この手当は、雇用保険から支給されるものであり、支給額は被保険者の所得や勤務形態によって決まります。扶養の有無は支給額には影響しませんので、安心して育児休業を取得できます。
育休手当は、育児休業を取得した際に受け取ることができる大切な給付金です。しっかりとした手続きを踏んで申請し、育児と仕事の両立を支援してくれる制度を活用しましょう。
年の途中でも子どもの扶養は変更できますか?
はい、可能です。
社会保険上の扶養は、扶養の事実が発生した時点でその都度手続きを行います。例えば、以下のような場合が考えられます。
- 夫婦間で収入の逆転が生じた場合
- アルバイトなどで一定以上の収入を得るようになった場合
- 就職した場合
手続きとしては、扶養者の勤務先に「被扶養者異動届」などの必要書類の提出が必要です。
【まとめ】育休中の子どもの扶養の手続きは早めに相談・準備をしよう

育休中に新たに生まれてくる子どもの扶養手続きは、早めの相談と準備が大切です。出産後の検診や、場合によっては医療機関の受診などで、子どもの健康保険証が必要になることがあります。

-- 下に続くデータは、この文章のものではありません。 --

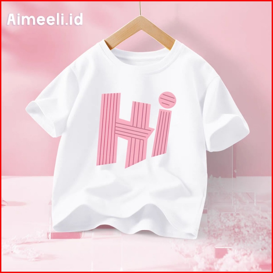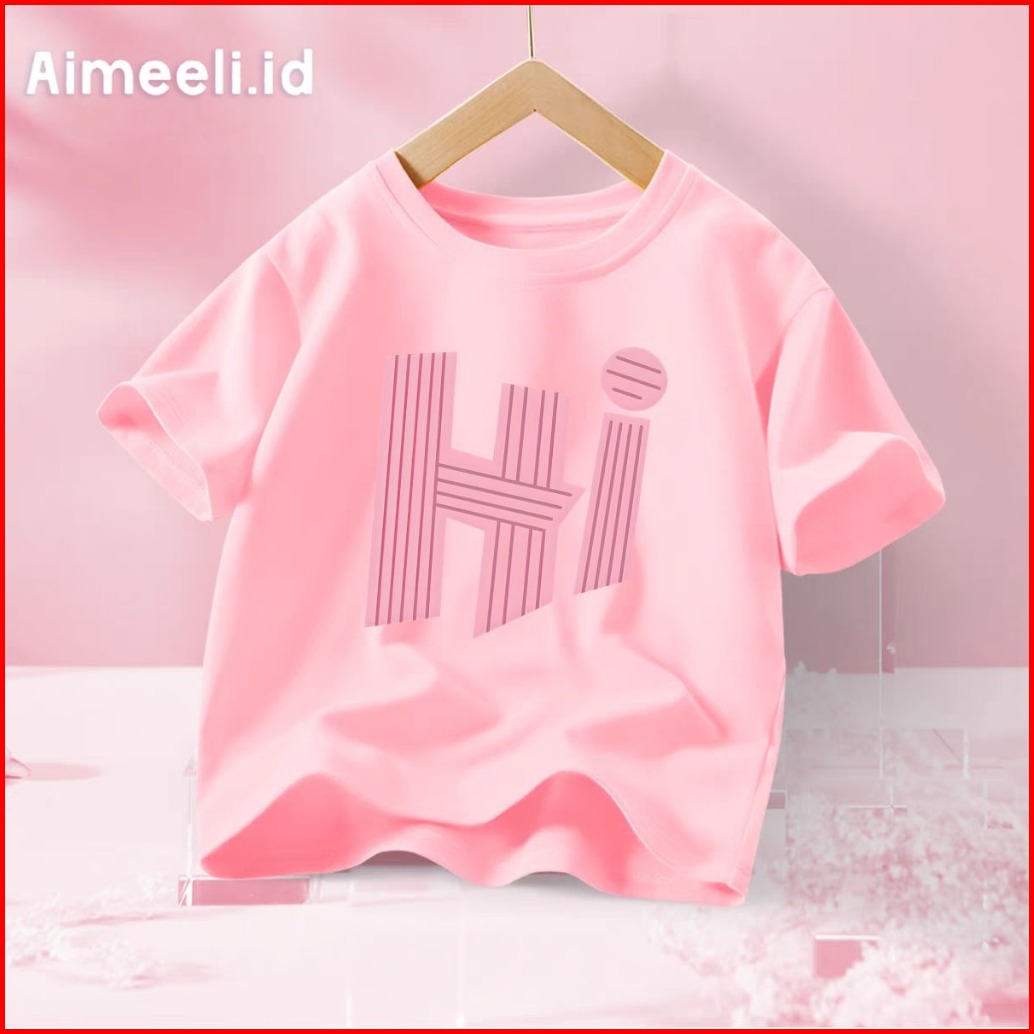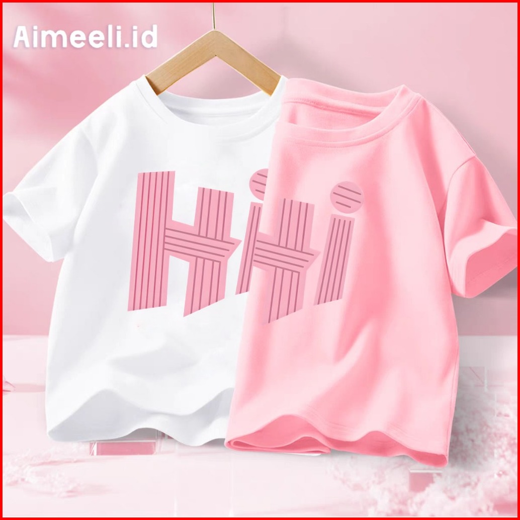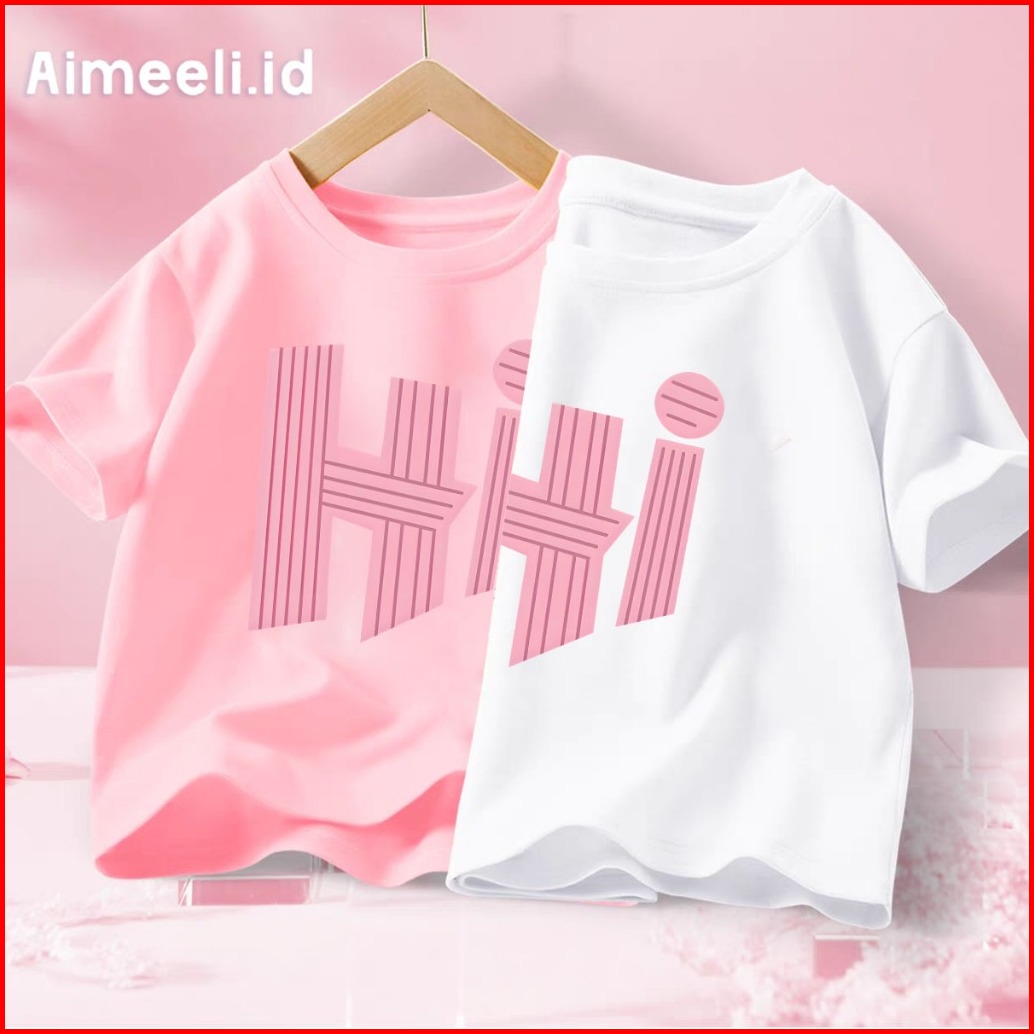 Aimeeli Baju Atasan Kaos Anak Perempuan Baju Anak Laki Laki Cartoon Hi T-shirt Terbaru Import 2-12 Tahun 100 Cotton Comb
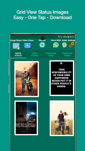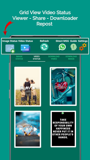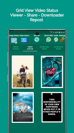 Lihat status imej rakan anda atau status video Whatsapp dan repost status itu melalui status terbina dalam aplikasi Saver & Downloader.
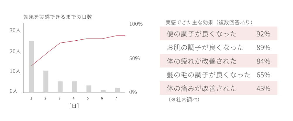 「インナーエステメルモ」を成人男女57人の方に10日間飲用していただいた後、効果実感できた日数や体調の変化など、効果についてアンケートを実施。その結果、全体の97%の方々が7日以内に効果を実感できたことがわかりました。「インナーエステメルモ」の即効性が証明されたといっても過言ではありません。
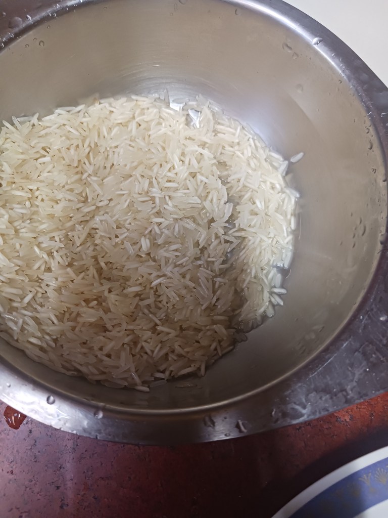 Step 3. Take a bowl of rice and wash it well.
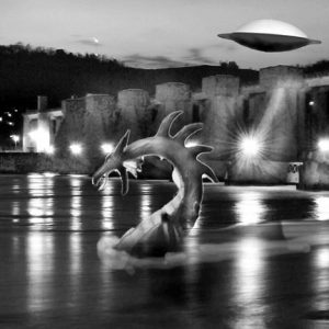 You now realize that the fire breathing creature was just a figment of my imagination. But, there are reports that a street vendor is selling t-shirts that say, “I Survived the Dragon on Main Street.” I just wish I could figure out why a flying saucer was hovering over the dam at the moment I looked Thru the Lens.
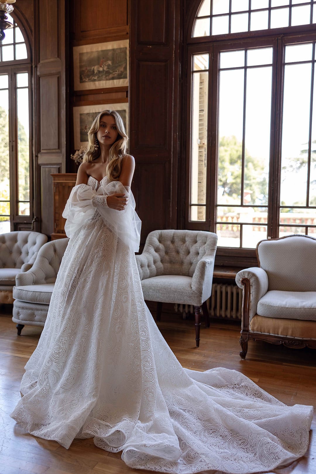 Die elegante A-Linie schenkt dir eine anmutige Silhouette und gleichzeitig Leichtigkeit in jeder Bewegung – ideal, um sowohl den Gang zum Altar als auch die Tanzfläche unbeschwert zu genießen.
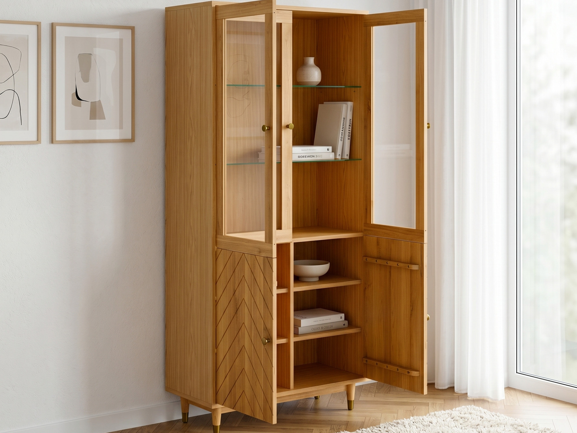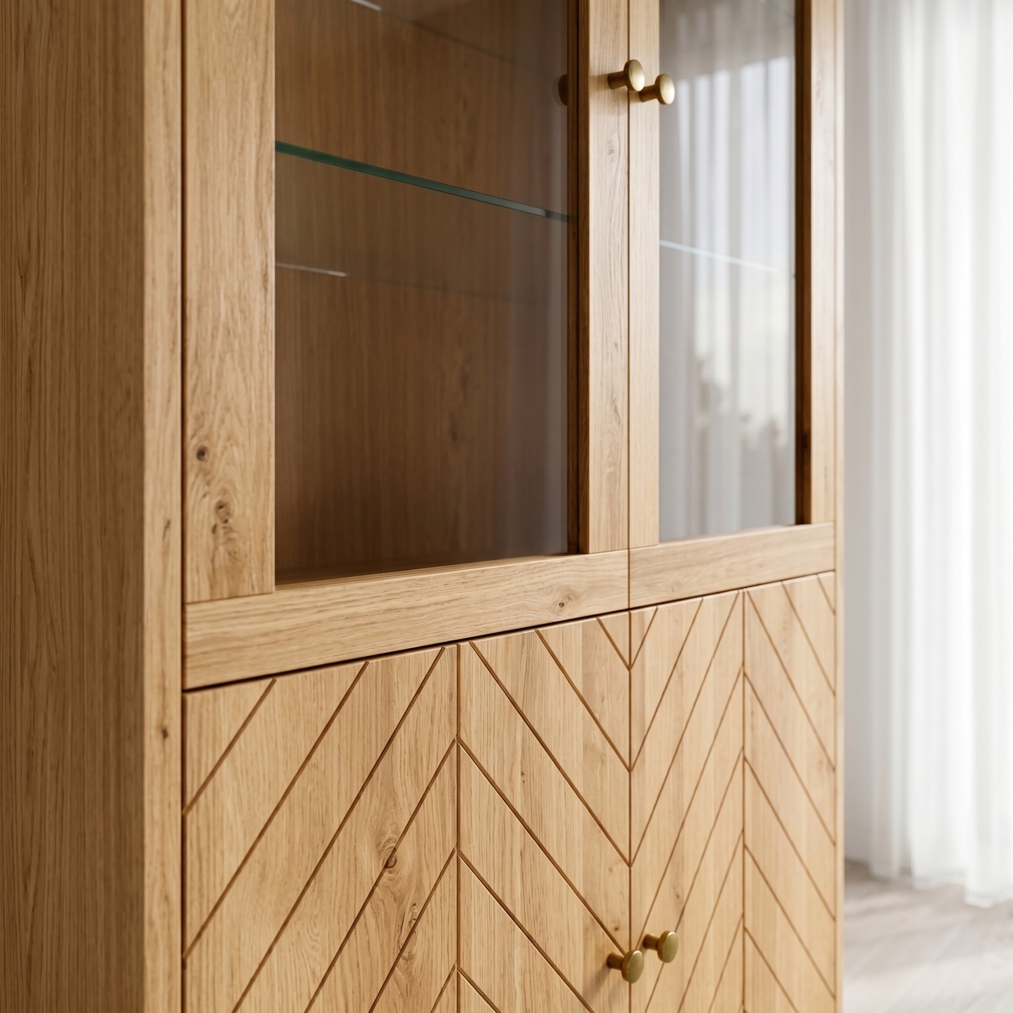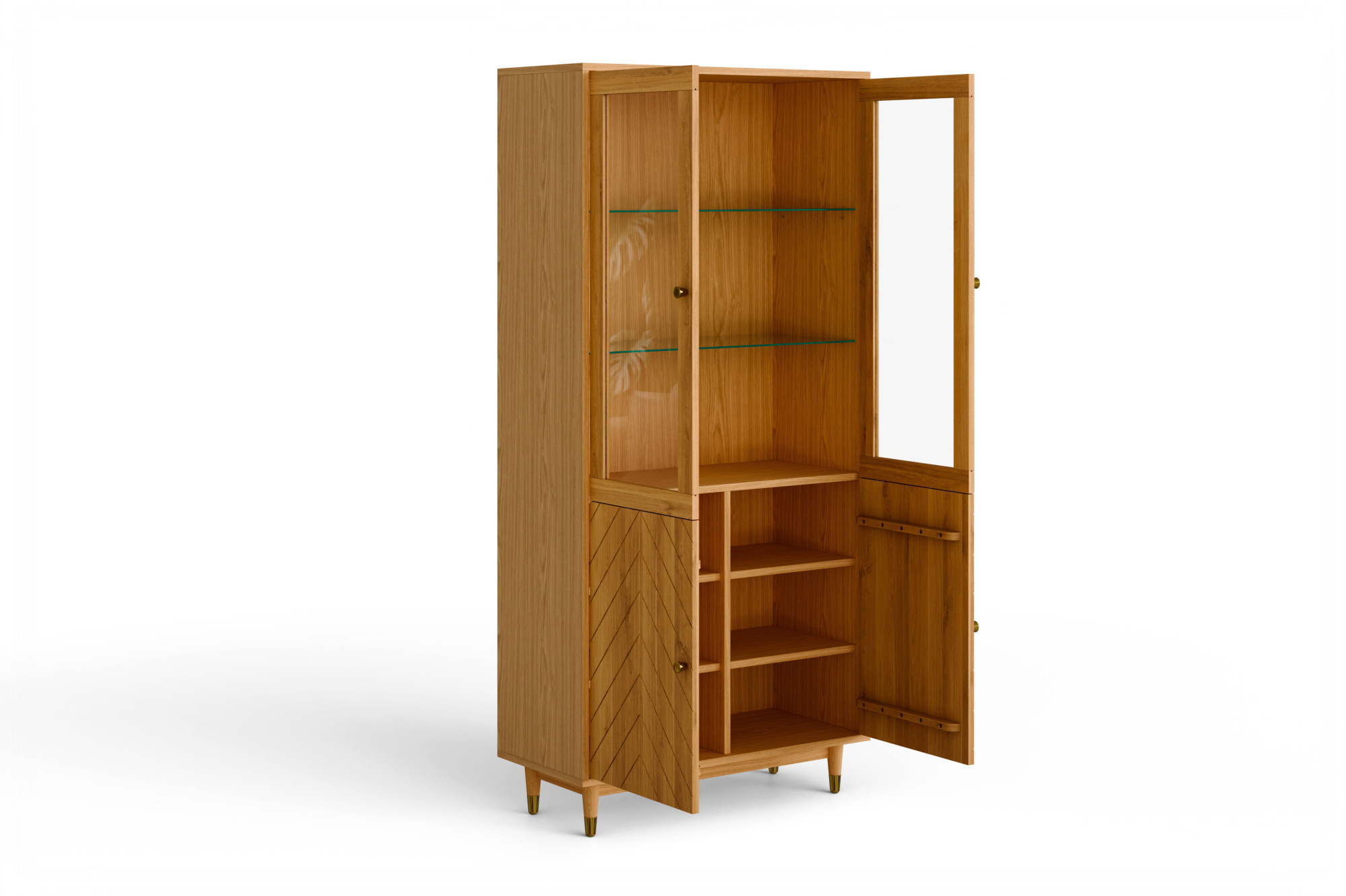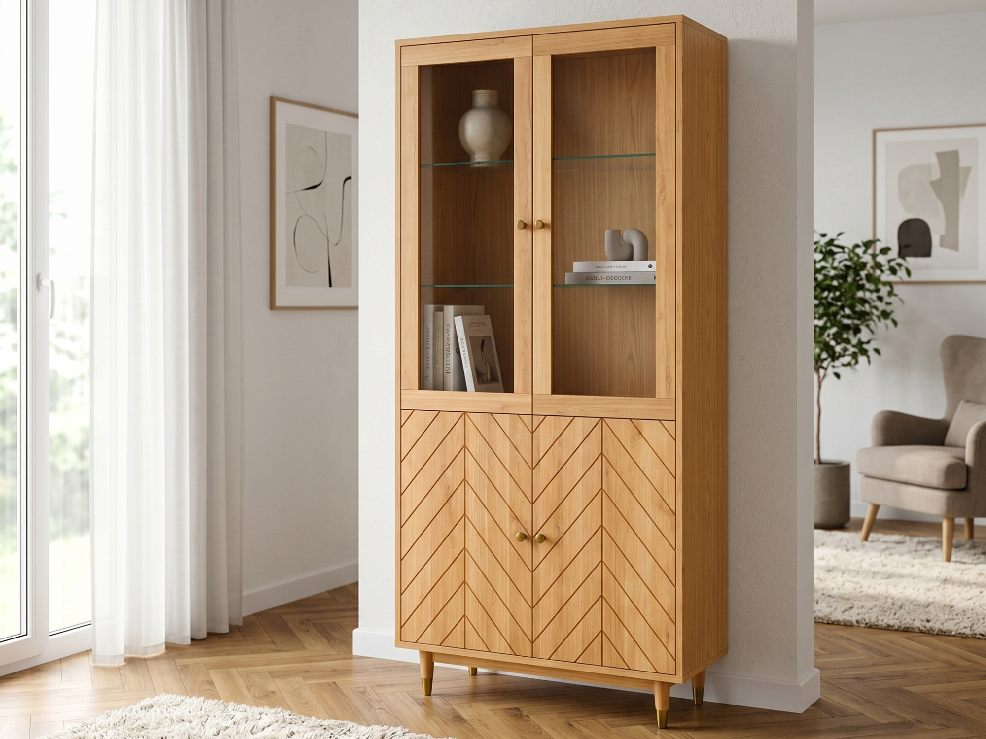 Der obere Teil der Vitrine bietet einen eleganten Platz zur Präsentation von Dekoration, Glas oder Porzellan, während die unteren Türen, verziert mit Fräsungen im Muster der Fischgrät, dem Möbelstück eine persönliche Note verleihen und zusätzlichen Stauraum verbergen. Innen befinden sich 2 Einlegeböden aus beschichteter Spanplatte und 2 Glasböden, die die Nutzung vielseitig gestalten. Praktische Details sind außerdem Messingknöpfe, goldfarbene Fußabschlüsse und Türscharniere mit Soft-Close-Funktion, die den Komfort im täglichen Gebrauch erhöhen.
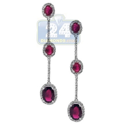 18K White Gold 2.65 ct Ruby Diamond Womens Halo Drop Earrings
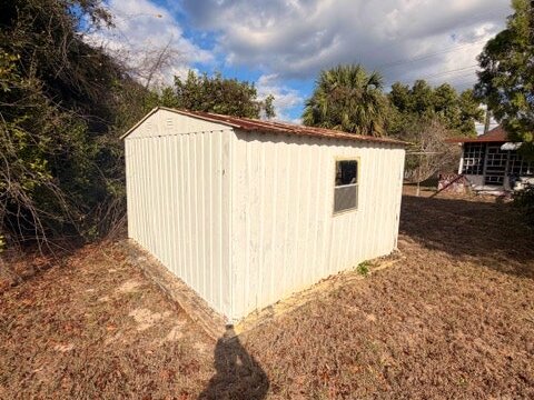 - Shed in the rear of home conveys (covers water filtration system. On a concrete slab)
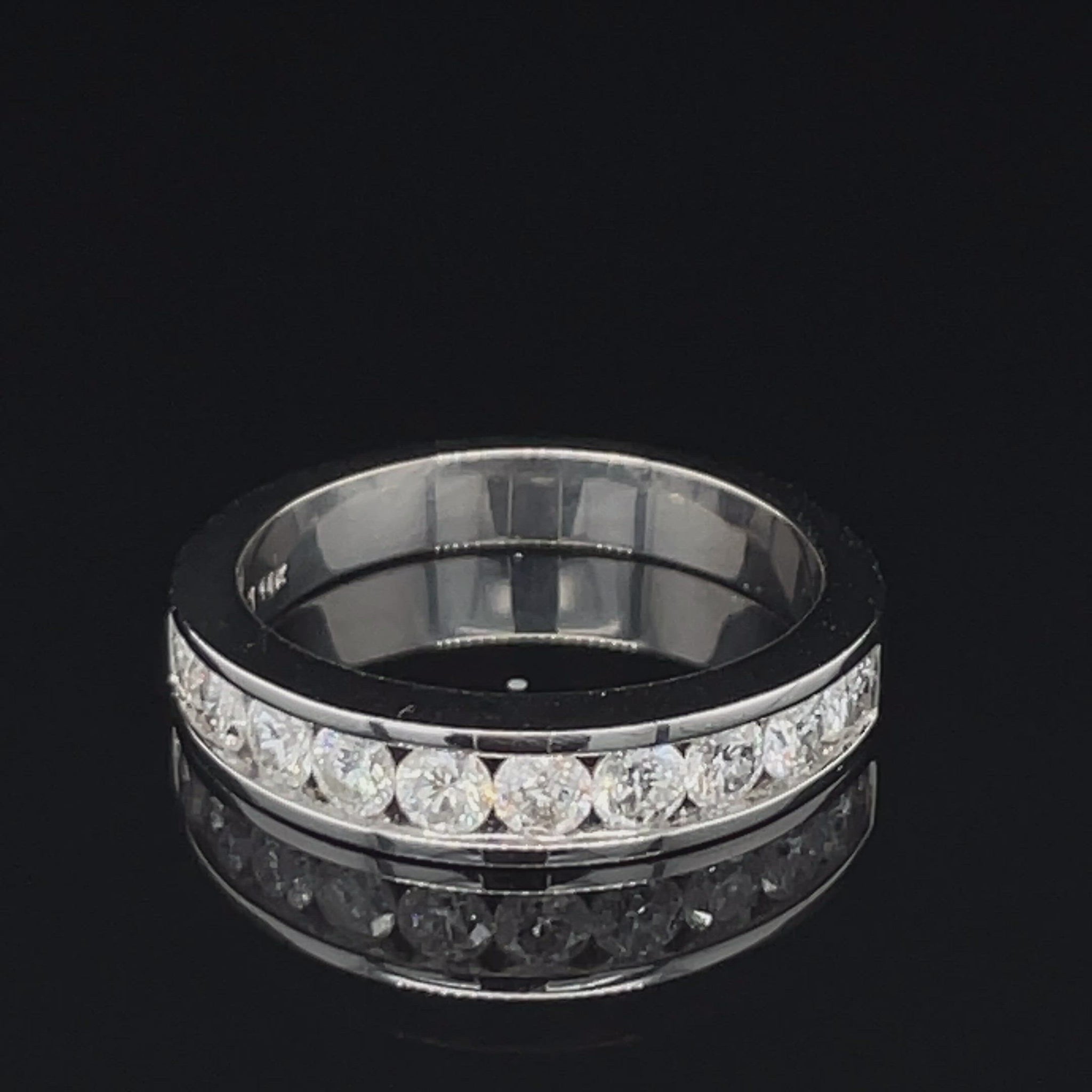 This glorious designed women's nine diamond anniversary band. This gorgeous band has center-hosted nine slightly large diamonds in white gold channel set to add to glitter. A total of 0.75 carat of diamonds are set in 14K white gold with high gloss finish.
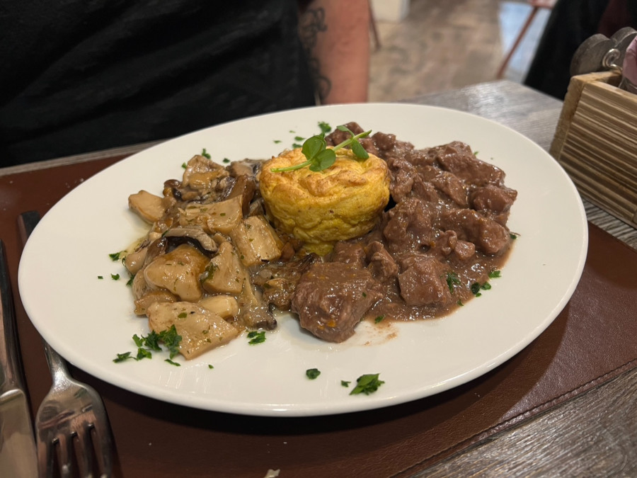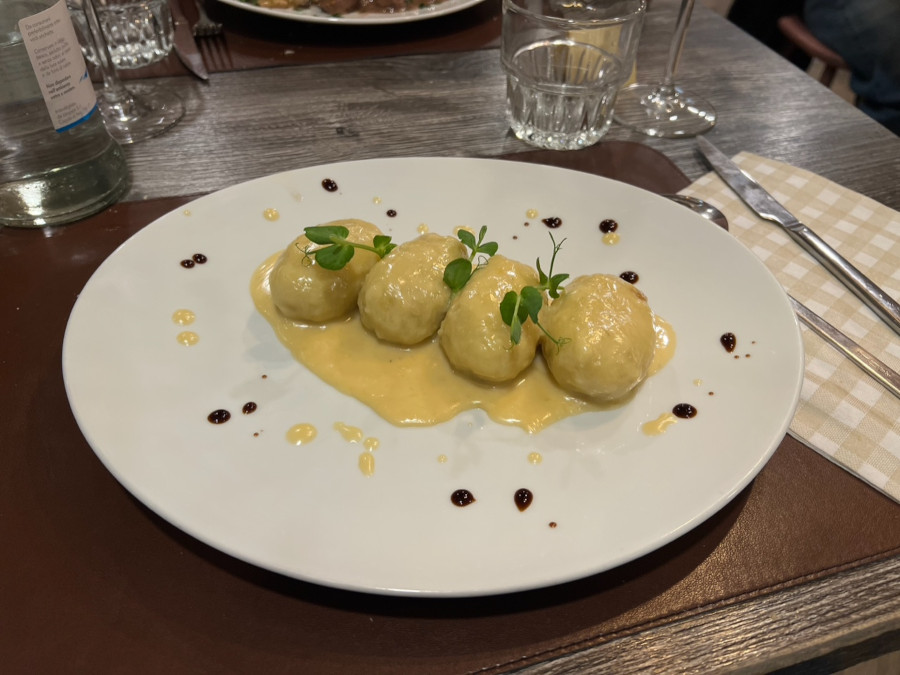 Abbiamo continuato con un primo goloso: gli gnocchi ripieni di mele e speck sul fonduta di formaggio, che sono stati un trionfo per i nostri palati golosi e infine abbiamo assaggiato una vera specialità local: il gulasch di camoscio con tortino di polenta e funghi (porcini super, raccolti da Tullio).
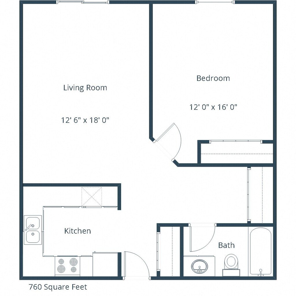 One Bedroom 11A - Floorplan 1 Apartment Unit: 13Apartment Model: One Bedroom 11A1 Bedroom, 1 Bath, 760 sq ftAvailable NowOne Bedroom 11B

もちろん、後から手続きをすることも可能ですが、スムーズに対応するためにも、育休に入る前から会社に相談しておくことをおすすめします。会社によって手続きの方法や必要書類が異なる場合があるので、事前に確認しておくと安心です。
また、扶養に関する制度は複雑で分かりにくい部分もあるため、疑問点があれば、会社の担当者や専門家に相談することも有効です。早めの相談と準備で、安心して出産・育児に臨めるようにしましょう。